[[ Supplied data, beginning ]]
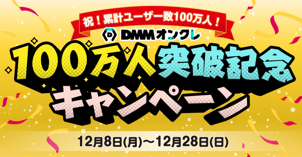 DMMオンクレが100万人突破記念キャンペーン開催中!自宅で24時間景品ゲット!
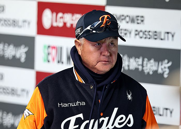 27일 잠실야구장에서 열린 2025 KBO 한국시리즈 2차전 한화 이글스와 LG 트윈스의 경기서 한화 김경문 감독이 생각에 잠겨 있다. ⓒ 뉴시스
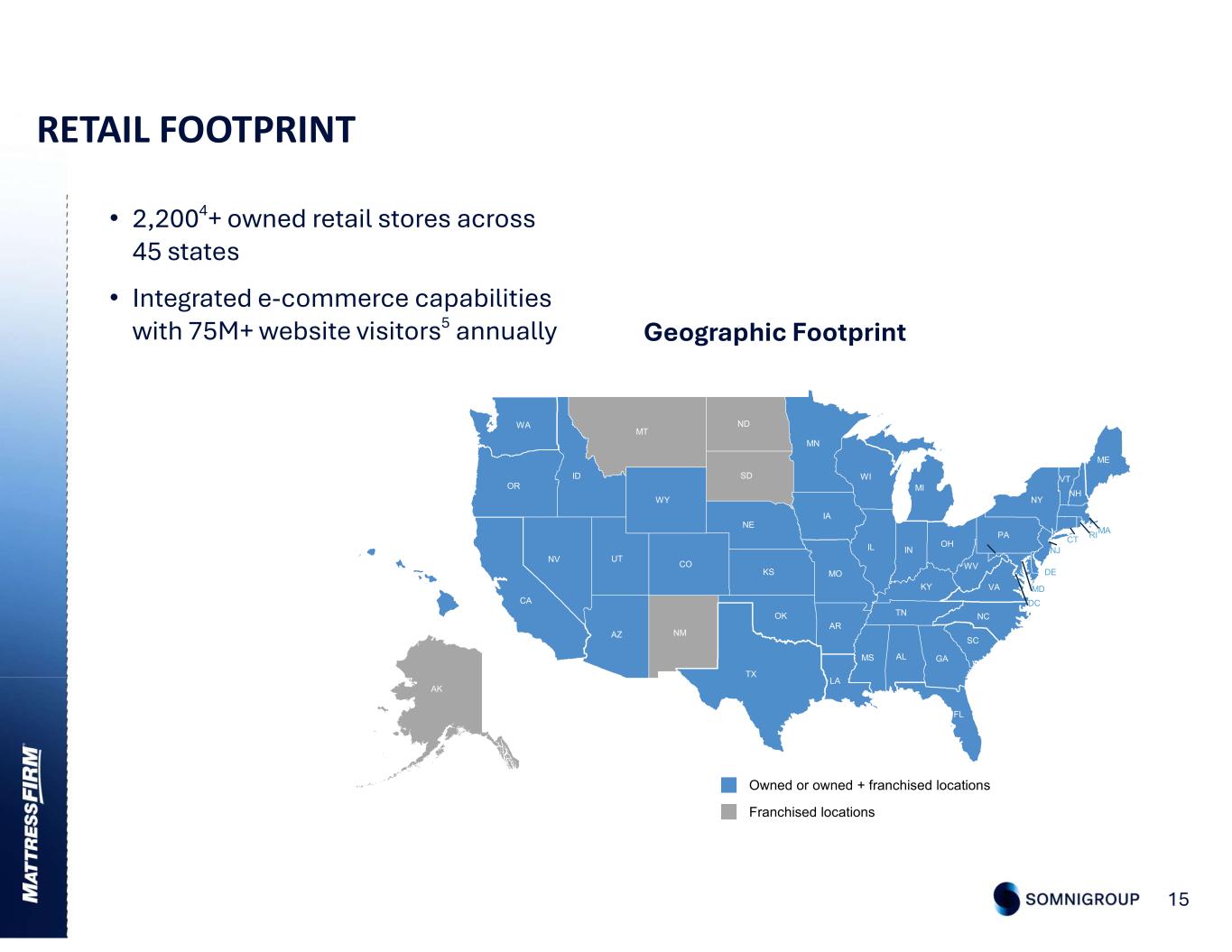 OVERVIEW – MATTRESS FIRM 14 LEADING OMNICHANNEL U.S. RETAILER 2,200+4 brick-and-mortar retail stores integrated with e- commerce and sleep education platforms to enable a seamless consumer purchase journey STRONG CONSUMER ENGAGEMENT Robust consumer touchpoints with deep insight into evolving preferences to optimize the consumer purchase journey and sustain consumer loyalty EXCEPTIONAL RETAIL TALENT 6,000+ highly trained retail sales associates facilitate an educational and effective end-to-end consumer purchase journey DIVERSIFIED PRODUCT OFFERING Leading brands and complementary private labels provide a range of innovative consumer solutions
[[ Supplied data, end ]]
[[ Supplied data, beginning ]]
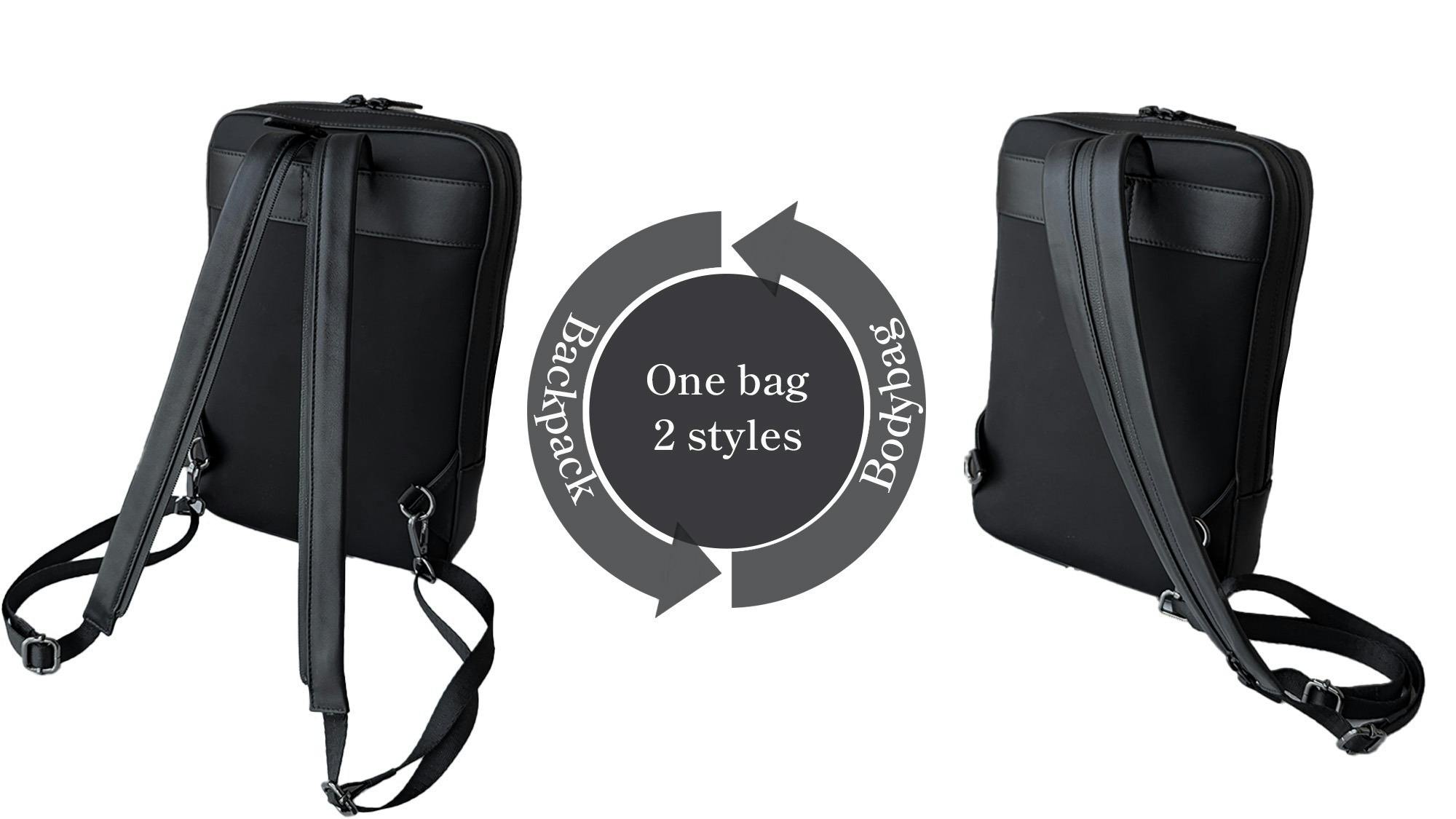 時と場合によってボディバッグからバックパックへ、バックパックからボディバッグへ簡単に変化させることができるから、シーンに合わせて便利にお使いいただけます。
[[ Supplied data, end ]]
[[ Supplied data, beginning ]]
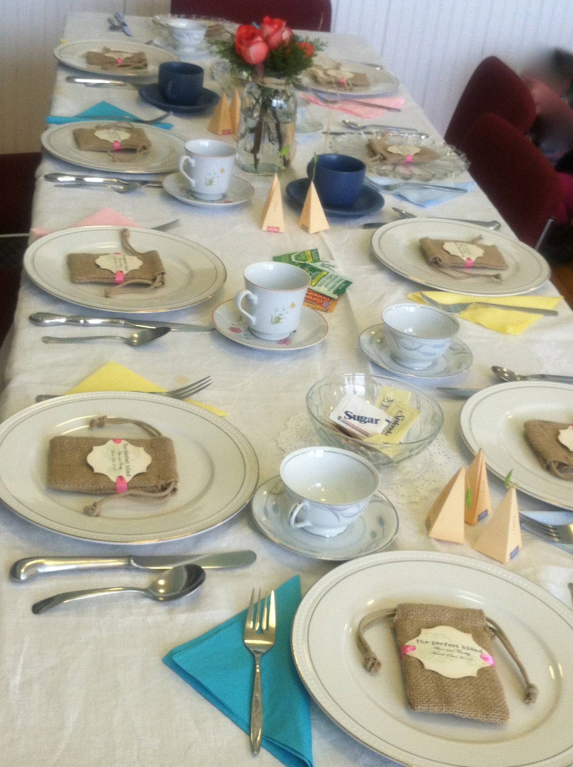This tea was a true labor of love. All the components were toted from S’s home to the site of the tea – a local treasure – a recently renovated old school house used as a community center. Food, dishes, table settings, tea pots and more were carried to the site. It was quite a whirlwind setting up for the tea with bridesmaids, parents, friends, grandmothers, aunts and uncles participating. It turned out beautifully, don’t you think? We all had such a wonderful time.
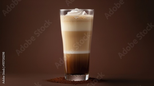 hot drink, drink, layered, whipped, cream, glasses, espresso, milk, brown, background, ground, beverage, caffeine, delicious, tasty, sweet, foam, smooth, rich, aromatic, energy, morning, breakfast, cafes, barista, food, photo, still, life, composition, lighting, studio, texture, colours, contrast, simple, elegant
[[ Supplied data, end ]]
Every line above from the one with "DMMオンクレが100万人突" down to the one with "27일 잠실야구장에서 열린" must be written out exactly, and no picture may appear.

#### Result of the exercise
 DMMオンクレが100万人突破記念キャンペーン開催中!自宅で24時間景品ゲット!
 27일 잠실야구장에서 열린 2025 KBO 한국시리즈 2차전 한화 이글스와 LG 트윈스의 경기서 한화 김경문 감독이 생각에 잠겨 있다. ⓒ 뉴시스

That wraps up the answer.